Explainable Outlier Detection in Titanic dataset¶

This short notebook illustrates basic usage of the OutlierTree library for explainable outlier detection using the Titanic dataset. For more details, you can check the package's documentation here.

The dataset is very popular and can be downloaded from different sources, such as Kaggle or many university webpages. This notebook took it from the following link: http://biostat.mc.vanderbilt.edu/wiki/pub/Main/DataSets/titanic3.csv

Loading the raw data¶

In [1]:

import numpy as np, pandas as pd
from outliertree import OutlierTree

## Read the raw data, downloaded from here:
## https://github.com/jbryer/CompStats/raw/master/Data/titanic3.csv
titanic = pd.read_csv("titanic3.csv")
titanic.head()

Out[1]:

	pclass	survived	name	sex	age	sibsp	parch	ticket	fare	cabin	embarked	boat	body	home.dest
0	1	1	Allen, Miss. Elisabeth Walton	female	29.00	0	0	24160	211.3375	B5	S	2	NaN	St Louis, MO
1	1	1	Allison, Master. Hudson Trevor	male	0.92	1	2	113781	151.5500	C22 C26	S	11	NaN	Montreal, PQ / Chesterville, ON
2	1	0	Allison, Miss. Helen Loraine	female	2.00	1	2	113781	151.5500	C22 C26	S	NaN	NaN	Montreal, PQ / Chesterville, ON
3	1	0	Allison, Mr. Hudson Joshua Creighton	male	30.00	1	2	113781	151.5500	C22 C26	S	NaN	135.0	Montreal, PQ / Chesterville, ON
4	1	0	Allison, Mrs. Hudson J C (Bessie Waldo Daniels)	female	25.00	1	2	113781	151.5500	C22 C26	S	NaN	NaN	Montreal, PQ / Chesterville, ON

Pre-processing the data¶

In [2]:

## Capitalize column names and some values for easier reading
titanic.columns = titanic.columns.str.capitalize()
titanic = titanic.rename(columns = {"Sibsp" : "SibSp"})
titanic["Sex"] = titanic["Sex"].str.capitalize()

## Convert 'survived' to yes/no for easier reading
titanic["Survived"] = titanic["Survived"].astype("category").replace({1:"Yes", 0:"No"})

## Some columns are not useful, such as name (an ID), ticket number (another ID),
## or destination (too many values, many non-repeated)
cols_drop = ["Name", "Ticket", "Home.dest"]
titanic = titanic.drop(cols_drop, axis=1)

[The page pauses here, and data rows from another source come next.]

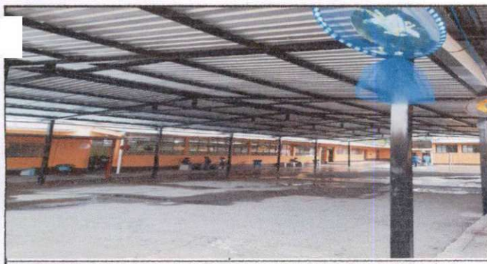
BAJADA DE AGUA PLUVIAL CONECTAR CON OTRO TUBO PARA QUE QUEDE SUBTERRANEO Y EVITAR HUMEDAD EN EL AREA RECREATIVA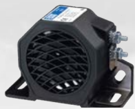
SA951 SURFACE MOUNT, SMART® ALARM, 77 - 97DB(A)

SOLUCIONES PARA SEGURIDAD EN EL RETROCESO | SOLUTIONS DE SÉCURITÉ EN MARCHÉ ARRIÈRE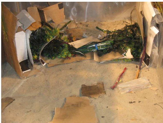
Fig. 2 Résultat de l'épreuve sans confinement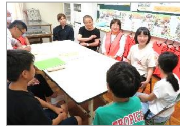
祇王っ子ひまわり隊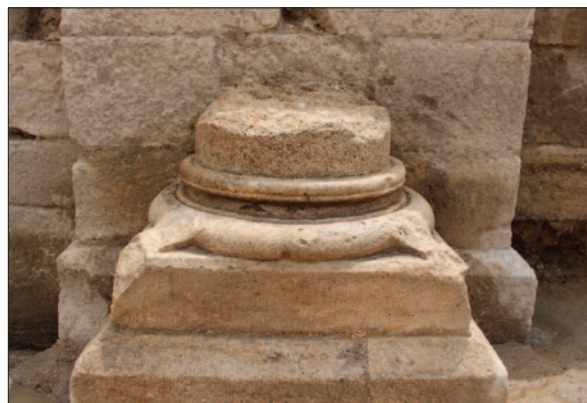
Sl. 7 Baza polustupa na razmeđu zapadnoga i središnjega traveja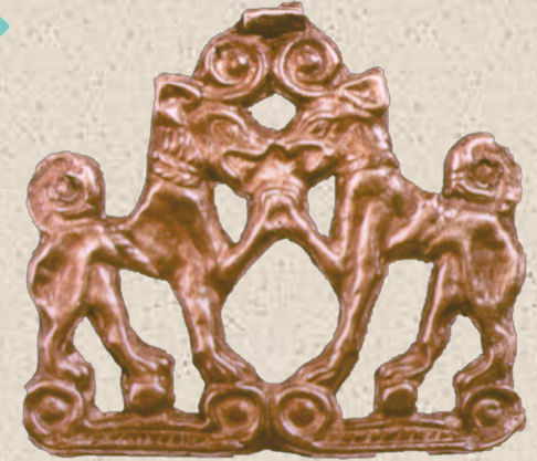
Avaris, Minos stilinde yapılmış bir altın pandantif İkinci Ara Devir.

Avaris'i ele geçiren Ahmose, burayı yenileyerek kendi merkezini buraya kurar. Ahmose'nin yeniden ele alarak düzenlediği bu merkezin mimarisine bakıldığında yapı inşaatının detaylarında önemli Girit Minos etkisi göze çarpar. Bunun yanında Minos stilinde duvar boyaları, boğa akrobasi, boğa tutma, av sahneleri, akrobatlar ve grifonlar gibi sahneler karşımıza çıkar. Özellikle Knossos sarayı ile benzerlikler yansıtan bu düzenlemeler, bu dönemde deniz hakimiyeti oldukça zayıf olan Mısır'ın, dönemin en önemli deniz gücü olan Girit – Minos kültürü ile olan yakın bağlarına işaret etmektedir. Mısırlılar büyük ihtimalle denizlerin hakimi olan Minoslularla bir ittifak halinde olarak denizleri de kontrollerinde tutmayı denemişlerdir.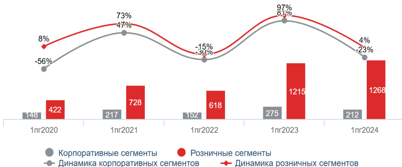
Рисунок 1 — Динамика объема рынка лизинговых услуг за 1 полугодие 2020-2024 годы, млрд. руб.

Если рассматривать ситуацию с лизинговыми услугами в 2024 году, то за первое полугодие 2024 года рынок незначительно снизился по сравнению с тем же периодом прошлого года [5]. Более подробную динамику данного рынка мы можем видеть на рисунке 1 [4].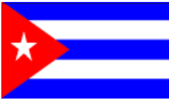
CuBa sau 1902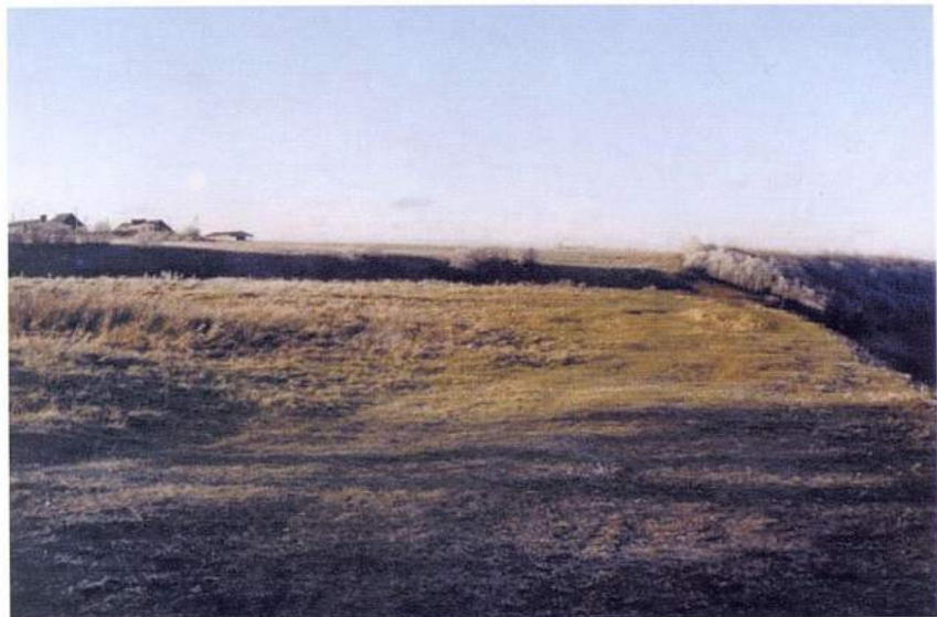
Рис. 26. Изборск. Труворово городище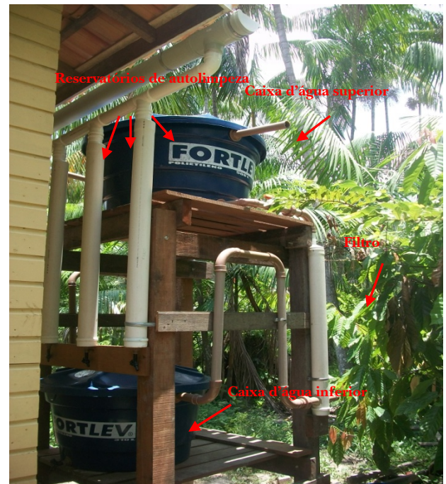
Figura 9 – Sistema-modelo na Ilha Grande.

O projeto, ainda em andamento, é financiado pela Fundação de Amparo a Pesquisa do Estado do Pará – FAPESPA e pelo CNPq e tem atuação nas Ilhas Grande, Murutucu. Em breve sofrerá expansão de suas atividades para as ilhas Combú e Maracujá (OLIVEIRA, 2009). Tal iniciativa estimulou a criação do Grupo de Pesquisa Aproveitamento da Água da Chuva na Amazônia, com pesquisadores da UFPA, IFPA, Secretaria Estadual de Meio Ambiente – SEMA.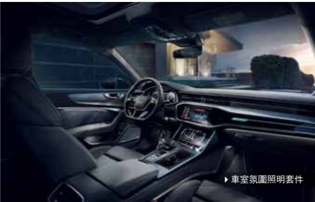
▶ 車室氛圍照明套件

輪廓/氛圍照明套件(能設定為不同色彩)，除了包含車室照明套件：包含三種預設色彩設定；額外的互動式自訂色彩設定。互動式色彩設定透過 Audi drive select 可程式車身動態系統不同模式控制，多達 30 種顏色可供您選取。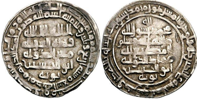
Foto 3: Muizzüddeve Dönemi, Dirhem, Darb Yeri: Medîneti's-Selâm, Yıl: 945-946, Ağırlık: 2.77gr., https://www.acsearch.info/search.html?id=1243632 Erişim Tarihi 27.3.2024

Halife Mutî-Lillâh emriyle bu dönemde bastırılan dirhemın ön yüzünde “ Lâ ilâhe illâ Allah vahdehu lâ şerîke leh Muizzüddeve Ebu'l-Hüseyn Büveyh ”, çevresinde “ Bismillâh duribe haza'd-dirhem bi Medineti's-Selâm sene 334 ” lejandı, dış kuşağında Rûm suresi 4. ve 5. ayetler yer almaktadır. Arka yüzünde “ Lillah Muhammedun Resulallah Sallallahu Aleyhi vessellem el-Mutî-Lillâh İmâdüddeve Ebu'l-Hasan Büveyh ”, çevresinde ise “ Muhammeden Resulallah. Erselehu bi'l-huda ve dîni'l-hakk liyüzhirahu aleddîni küllih. Velev kerihe'l-müşrikân ” yazmaktadır (Fotoğraf 3).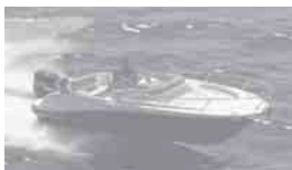
Cap Camarat 715 WA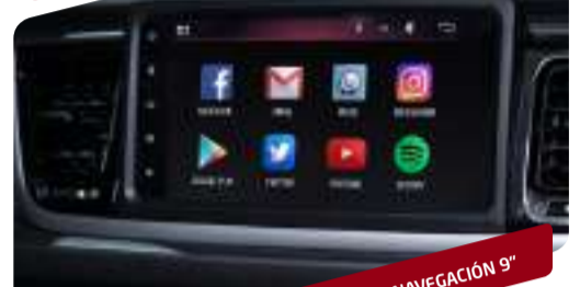
SISTEMA KINET DE ENTRETENIMIENTO Y NAVEGACIÓN 9"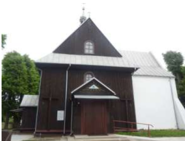
Zdjęcie nr 16: Drewniany kościół w Lipie

Kościół parafialny św. Wawrzyńca w Lipie usytuowany jest w centralnej części wsi. Pierwszy kościół modrzewiowy wybudowano już w roku 1129. Około roku 1636 dziedzic Bartłomiej Ruszeński i pleban Wawrzyniec Tadajewski dobudowali do drewnianego Kościoła murowaną kaplicę Matki Boskiej Różańcowej. Ksiądz Wiśniewski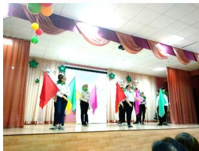
Творческий коллектив агитбригады «Экологический десант»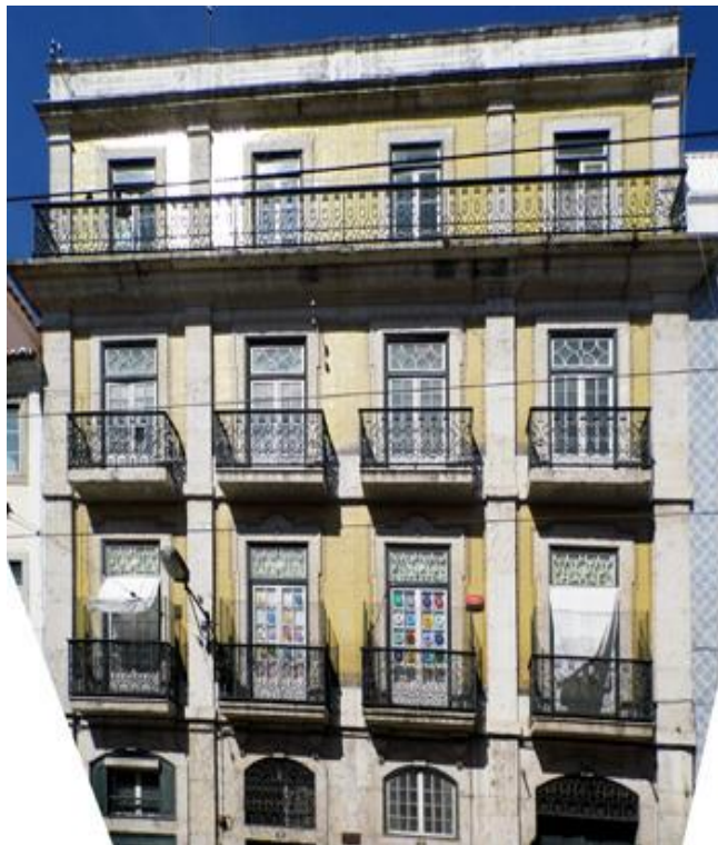
Rua de São João da Mata, 17-23, Lisboa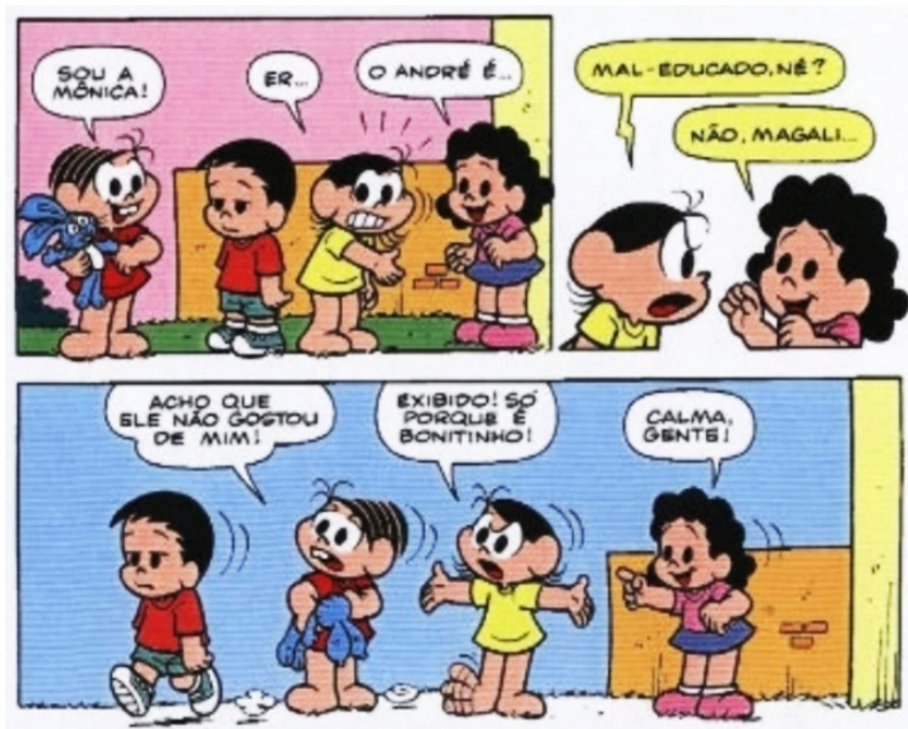
Figura 07 - Autismo e comunicação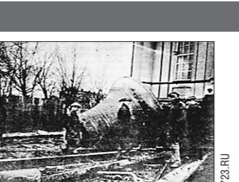
Снятие 16-тонного купола, того самого Большого Златоуста

Строили, кстати, долго — 29 лет. Несмотря на то, что первоначальный грандиозный проект так и остался на бумаге, получившийся результат прижогли оценили.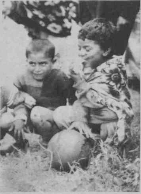
Yerliler onlara "Şopar", onlar da yerlilere "gace" der

Devlet yoksuldan korkar. Kakava Şeytanderesi kıyılarında iki otobüs polis bekler. "Kavga çıkmasın" diye. Sonra "şüpheli şahısların kimliklerine bakılır.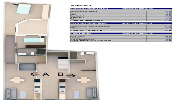
Planta Baja. Estudio B y Vivienda A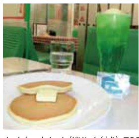
ホットケーキセット(ドリンク付き) 700円(税込)

※注文の時間帯やセットドリンクで料金が変わります。詳細は店舗メニューでご確認ください。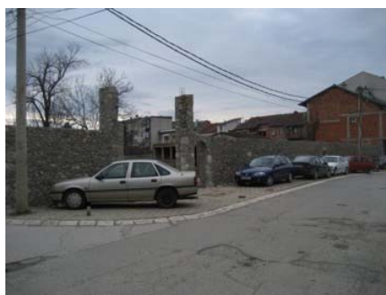
Zid tokom obnove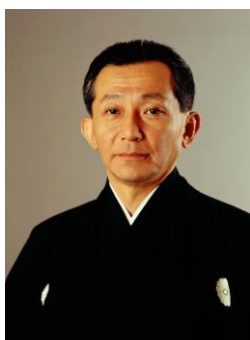
観世 清和 (かんぜ きよかず)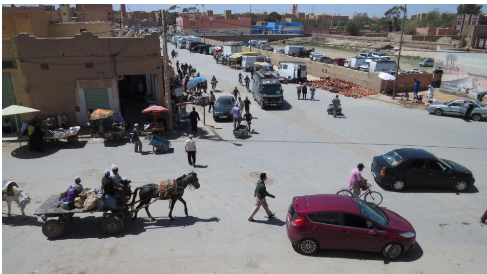
straatbeeld in Rissani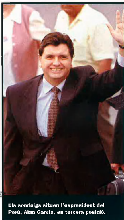
Els sondeigs situen l'expresident del Perú, Alan García, en tercera posició.

Les declaracions socials xocaven als analistes, que recorden que durant els

## Ordinal columns need to be passed as ordered categoricals
cols_ord = ["Pclass", "Parch", "SibSp"]
for col in cols_ord:
    titanic[col] = pd.Categorical(titanic[col], ordered=True)

titanic.head()

Out[2]:

	Pclass	Survived	Sex	Age	SibSp	Parch	Fare	Cabin	Embarked	Boat	Body
0	1	Yes	Female	29.00	0	0	211.3375	B5	S	2	NaN
1	1	Yes	Male	0.92	1	2	151.5500	C22 C26	S	11	NaN
2	1	No	Female	2.00	1	2	151.5500	C22 C26	S	NaN	NaN
3	1	No	Male	30.00	1	2	151.5500	C22 C26	S	NaN	135.0
4	1	No	Female	25.00	1	2	151.5500	C22 C26	S	NaN	NaN

Fitting a model¶

In [3]:

## Fit model with default hyperparameters
otree = OutlierTree()
otree.fit(titanic)

Reporting top 9 outliers [out of 9 found]


row [170] - suspicious column: [Fare] - suspicious value: [0.00]
	distribution: 98.571% >= 25.74 - [mean: 55.22] - [sd: 27.56] - [norm. obs: 69]
	given:
		[Pclass] = [1]
		[Boat] in [9, B, 5, 7, C, 5 9, 1, 15, 5 7, 8 10, 12, 16, 13 15 B, C D, 15 16, 13 15] (value: C)


row [18] - suspicious column: [Age] - suspicious value: [32.00]
	distribution: 96.000% >= 43.00 - [mean: 48.35] - [sd: 3.16] - [norm. obs: 24]
	given:
		[Cabin] in [E12, D15, B10, E31, E58, C86, A16, A20, E63, C92, B82 B84, D33, B52 B54 B56, C124, D17, C110, C116, C126, D46] (value: D15)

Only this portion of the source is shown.